Everything from the line that holds "Toujours à votre" through the end of the listing below must be retyped word for word, without any pictures.

- Opening Delimiter -

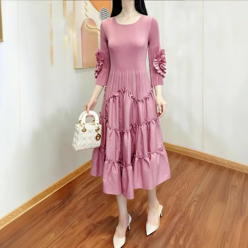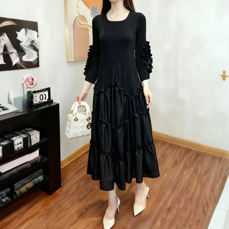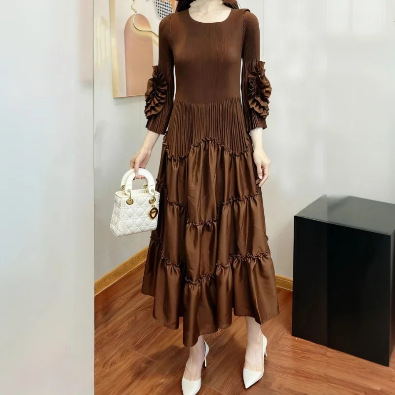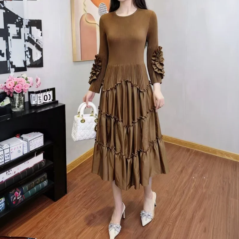 Factory Direct Spot Summer Ladies Casual A-Line Pleated Design Petal Sleeve Long Sleeve Shirt Dress Free Size Miyake Dress
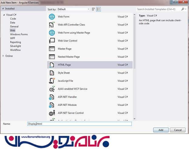 حال ، ما صفحه ی HTML را اضافه می کنیم و این رکوردها را نمایش می دهد.بنابراین ، برای اضافه کردن HTML Page روی Solution راست کلیک کنید -> Html Page -> و نام Display.html را مانند زیر بگذارید:
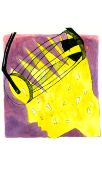 I feel like someone is standing on my head. A big fat guy is just standing there, and every once in awhile he shifts his weights from the front of my head to the back. He's got my skull sandwiched in between his immense tonnage and the hard concrete of a sidewalk. Every time the fat man moves my head gets ground around like a rusty ball bearing in a sandpaper socket.
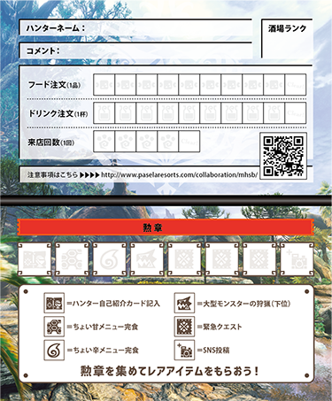 Toujours à votre service, je vous traduis les objectifs de la première carte (ou plutôt j’essaie et de toute façon j’ai pas les suivantes). Premier objectif, je suppose « remplir une fiche de présentation ». Deuxième, boire une boisson sucrée. Troisième commander un plat épicé. Quatrième, faire une chasse sur console. Cinquième à septième… Ça s’appelle « quêtes urgentes » je crois que ce sont des objectifs à faire spécifiques type « manger ce plat-là » (affichés sur le tableau à l’entrée). Ça peut aussi être les menus temporaires. Et pour finir, huitième je pense que c’est « partager une photo sur les réseaux sociaux ». Mais pas sûr à 100%. Attention, il faut signaler au vendeur que vous avez rempli l’objectif.
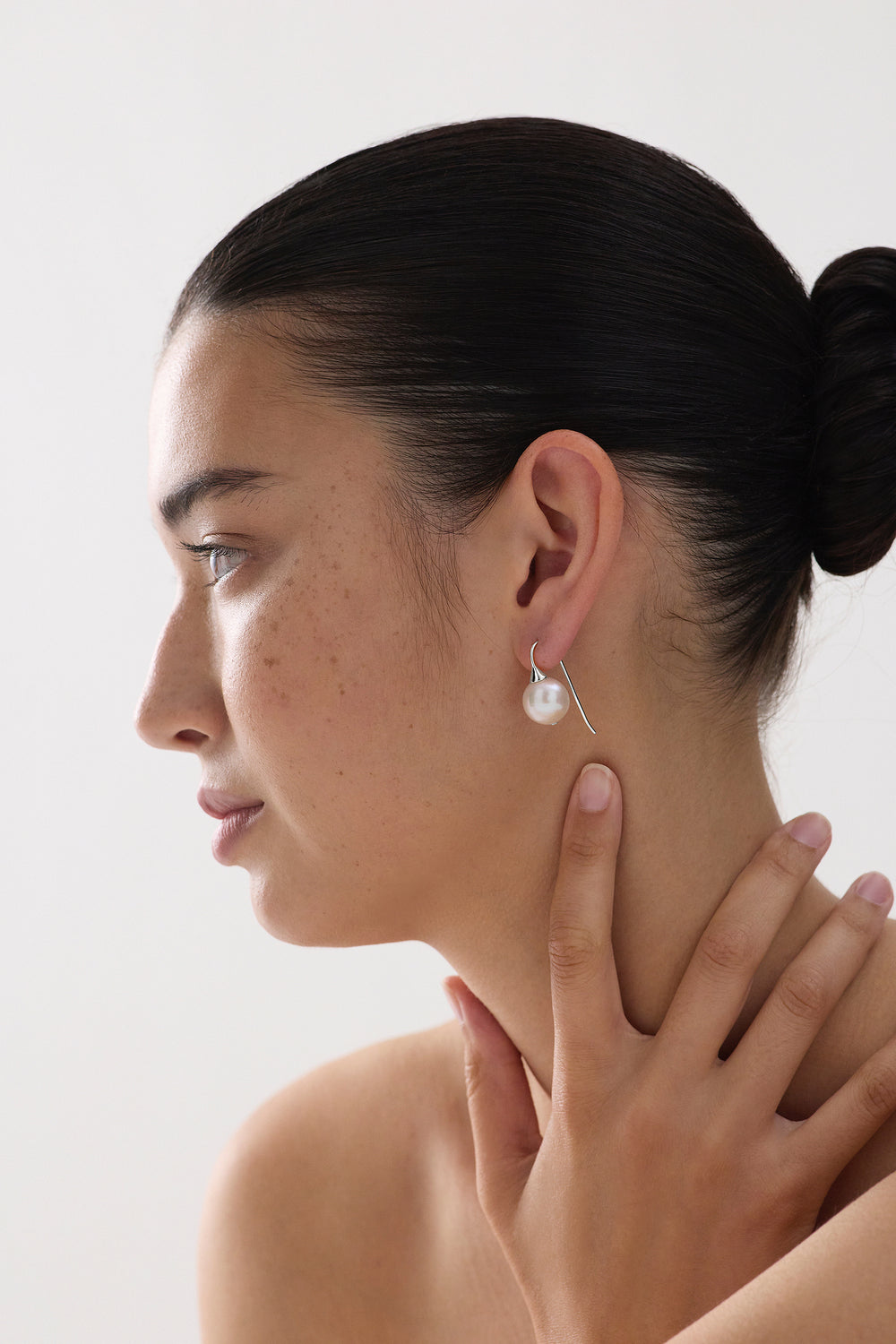 Najo Mariselle Silver Crescent with Pearl Earrings

- Closing Delimiter -

SOLUTION TO THE PROBLEM:
 Toujours à votre service, je vous traduis les objectifs de la première carte (ou plutôt j’essaie et de toute façon j’ai pas les suivantes). Premier objectif, je suppose « remplir une fiche de présentation ». Deuxième, boire une boisson sucrée. Troisième commander un plat épicé. Quatrième, faire une chasse sur console. Cinquième à septième… Ça s’appelle « quêtes urgentes » je crois que ce sont des objectifs à faire spécifiques type « manger ce plat-là » (affichés sur le tableau à l’entrée). Ça peut aussi être les menus temporaires. Et pour finir, huitième je pense que c’est « partager une photo sur les réseaux sociaux ». Mais pas sûr à 100%. Attention, il faut signaler au vendeur que vous avez rempli l’objectif.
 Najo Mariselle Silver Crescent with Pearl Earrings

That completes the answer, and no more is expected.